Musical signals are abruptly variable ones, much more difficulto to cope with than a stationary sinewave, and in order to keep up with them we don't only need power, but also the closest analogy to torque that comes to my mind, i.e. current delivery, which is in turn related to amplifier topology (e.g. class A is usually good at that), power supply design, damping factor etc..
Of course, if we get a speaker amp with 100W/8ohm or a class A 25W like the XA25 we can safely assume that the dimensioning of the amp itself is plenty sufficient by default to provide more than enough current to satisfy the Susvara hungerness.
On the flipside, I believe it is not true that you strictly NEED 5W or more on the Susvara load if the amplifier is designed to deliver even a much modest power (say 1-1.5W minimum) with a beefy peak current output reserve.
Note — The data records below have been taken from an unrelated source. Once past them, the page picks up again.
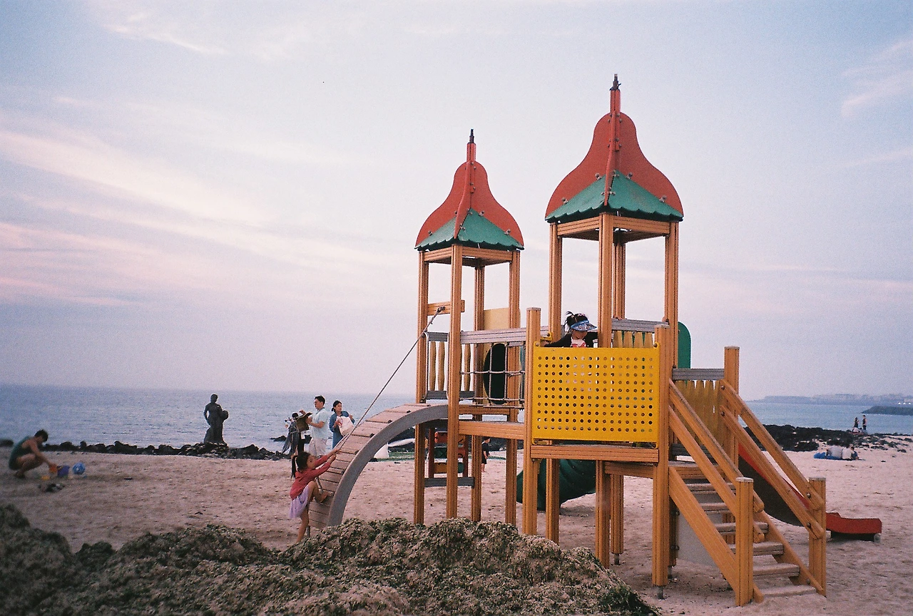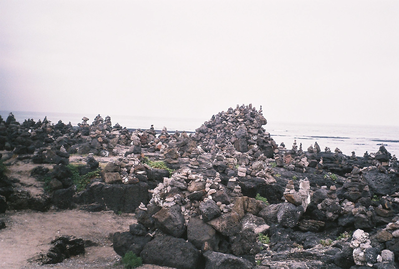 우도 도항선 위로 뭔가 탑처럼 쌓여있다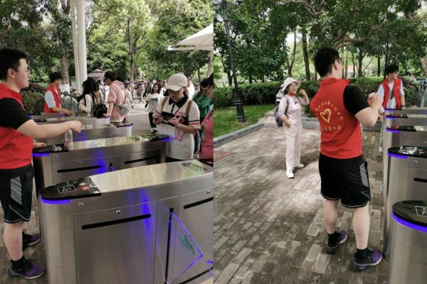 志愿者们不仅工作认真负责,为游客提供贴心的服务,还展现了维护规则的魄力和沟通劝阻的智慧。在入园闸机位置,面对少数游客无法提供预约码并强行冲闸的行为,志愿者们始终保持耐心,坚持礼貌劝导,为维护秩序而竭尽全力。志愿者的存在,使得入园的秩序更加高效,促进了客流的有序输入。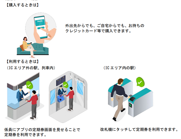 利用者は、駅の券売機や窓口まで行くことなく、自宅等でアプリから定期券を購入できる。また、ICエリア外の駅同士や、IC エリア内外にまたがる区間の定期券を購入できる。さらに、ICエリア外の場合は、駅や列車内で係員にアプリの定期券画面を見せることで、定期券を利用可能だ。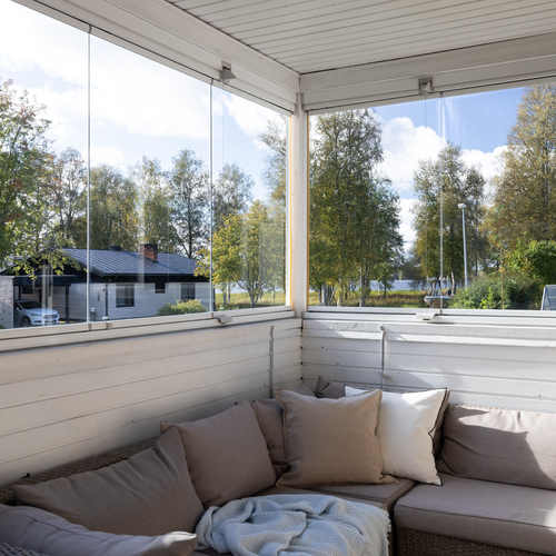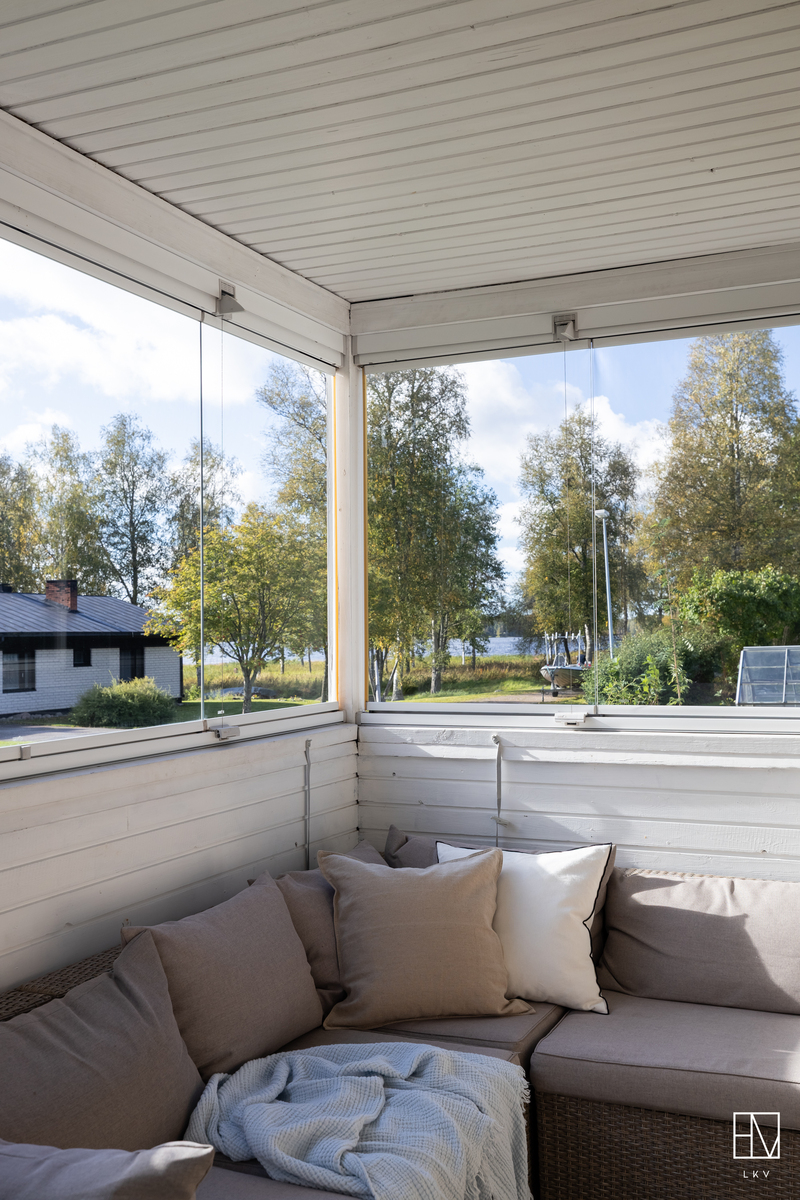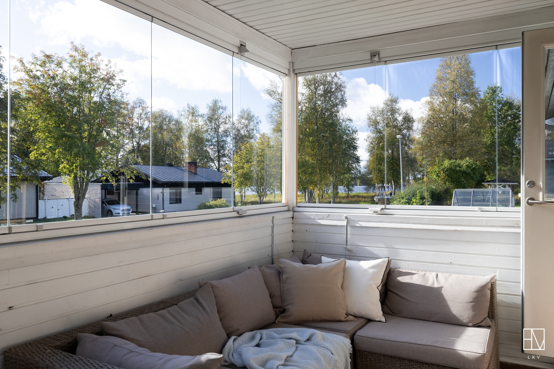 Talon kahdella viihtyisällä terassilla voit nauttia rauhasta, vehreästä kulmatontista ja näkymistä Kyrösjärvelle. Piha-alue tarjoaa tilaa niin lasten leikeille kuin puutarhaharrastuksille.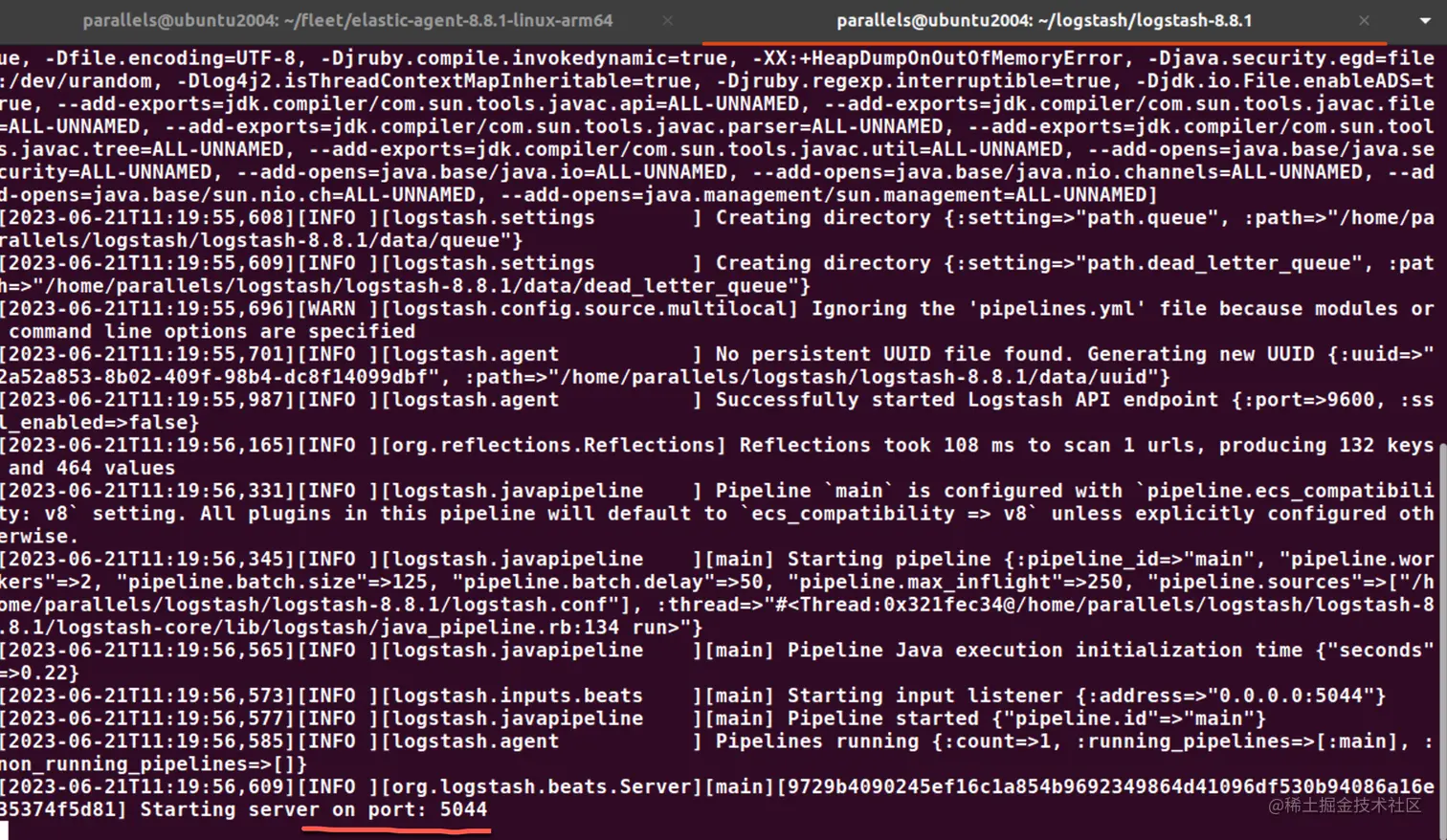 3. parallels@ubuntu2004:~/logstash/logstash-8.8.1$ ./bin/logstash -f logstash.conf

In actuality, I have listened to the Susvara through the Formula S / Powerman, an Air Tight ATM 300B (8W/8ohm), my Riviera AIC-10 and very strong speaker amplifiers (Pass XA25, Viva Solista, Krell KSA100) and I have been always satisfied with '
quantity' (grunt, dynamics, slam, ...).
Rather, the
quality of the amp - and its synergy with Susvara signature - is what stands out the most, though, in terms of tonal accuracy, nuanced presentation, transparency, refinement, soundstage layering etc., which was not - in my experience - correlated to raw power (would rather say the opposite).